# Battery master



## chrisdougie (Apr 1, 2009)

Product Information 
Automatic engine battery charging system
Works even without mains hook-up! 

Hi has anyone used one of these and are they any good and how easy are they to fit DIY or better done by a pro :?: 


Sold by leisure tech 



Christine & Dougie


----------



## worzel (Apr 12, 2007)

*Battrey Master*

Hi Christine and Dougie,

Yes the Battery Master is very good bit of kit, and only 3 wires to connect, when off hook up it works well with solar panel.

Vanbitz at Taunton will fit it for you or they will supply only.

Mike (In a very wet Devon)


----------



## hogan (Oct 31, 2006)

Very good fit and forget unit.
Vanbitz fitted mine but easy to fit yourself

Barrie (In a very hot Spain)


----------



## mr2 (Feb 26, 2009)

*Battery Master*

Concur with previous comments. I have had one managing 2x leisure and one engine batteries with a solar panel for almost 3 years and had no problems with low battery power.


----------



## joedenise (Jul 20, 2007)

Before it will charge you need a power source i.e solar panel

joe


----------



## Zebedee (Oct 3, 2007)

joedenise said:


> Before it will charge you need a power source i.e solar panel
> 
> joe


Not entirely true Joe, though I know what you mean. 

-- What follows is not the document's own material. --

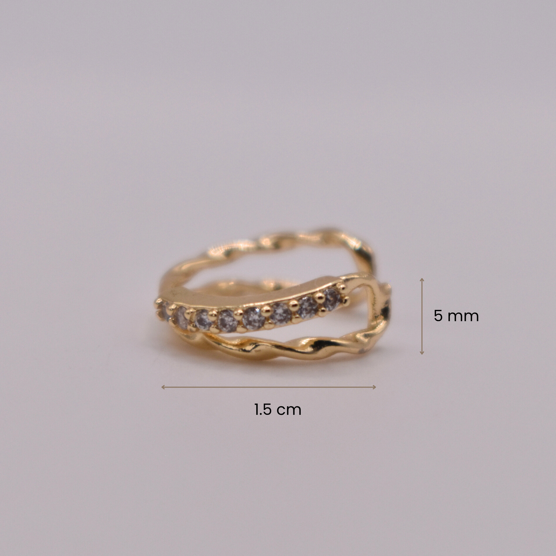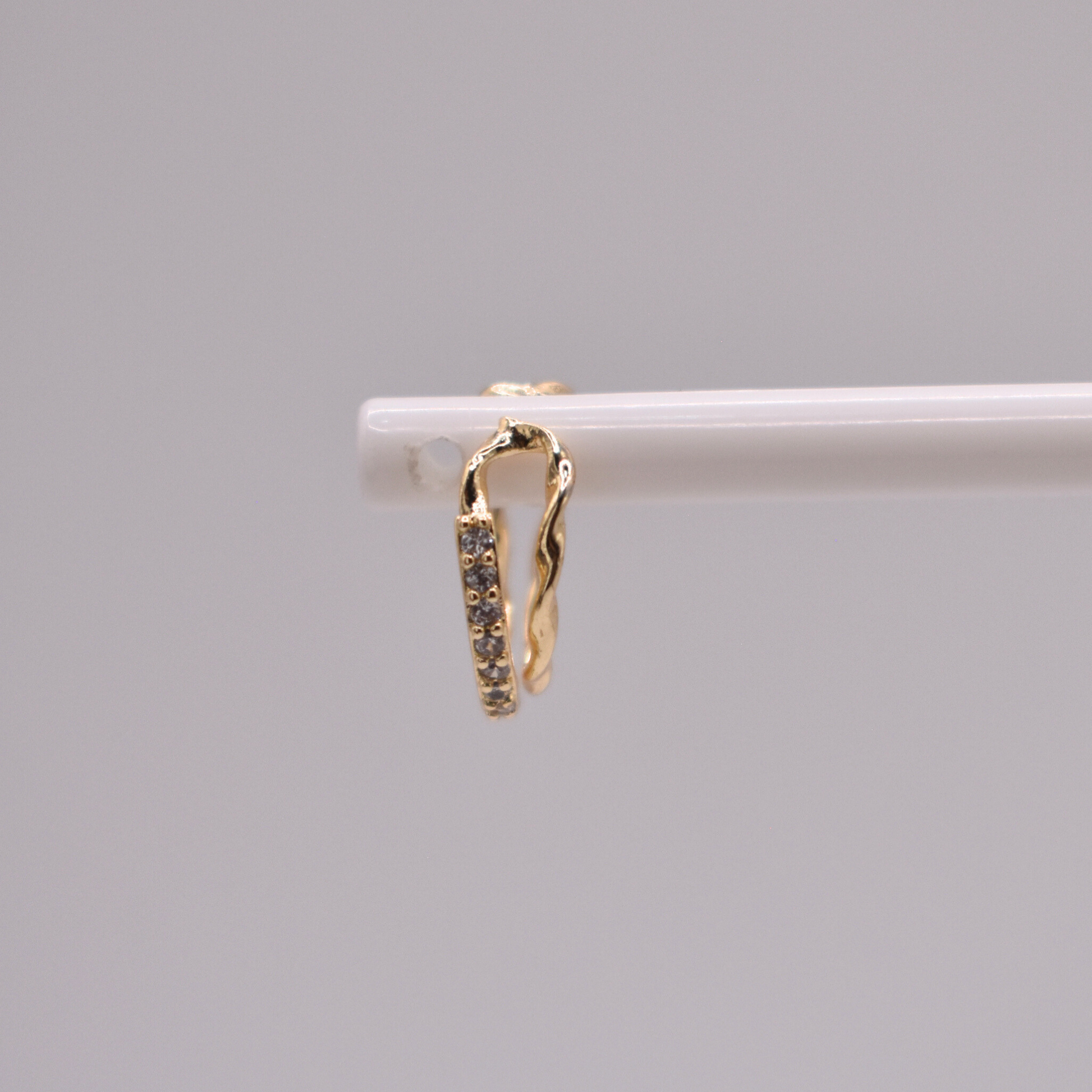 El earcuff Atenas presenta una línea de diamantes y otra con forma desigual, creando un contraste moderno en dorado.

Mine is used primarily to help ensure that the vehicle battery doesn't go flat.

I don't remember the exact figures, but if the vehicle battery falls a little below the charge level of the habitation battery, the Battery Master will trickle some charge from the hab to the vehicle. This uses the hab battery as a sort of backup to help maintain the vehicle battery in a good state of charge, so you don't get stuck when you want to start the engine.

Hope this helps

Dave


----------



## joedenise (Jul 20, 2007)

thanks dave i didnt realise that.

but whilst off hook up wild camping the leisure batteries would probably go below the vehicle battery first.

joe


----------



## Touchwood_RV (May 1, 2005)

Hi Tentless,

Concur with all the above, very easy to fit, worth every penny, have fitted one on current RV, first thing I did when we took delivery, had one on the previous (actually the same one I took it off when I swapped units!) would not be without it. Yes the RV has four massive house batteries, so they trickle the chassis battery when in storage and we are ready to go. When the batteries are of equal charge or the house batteries are below the level of the chassis batteries the unit just sits there and does nothing. When on mains or lots of solar input the unit only steals a very small amount to trickle the chassis batteries and does not starve the house batteries as a result.

Hope that helps


----------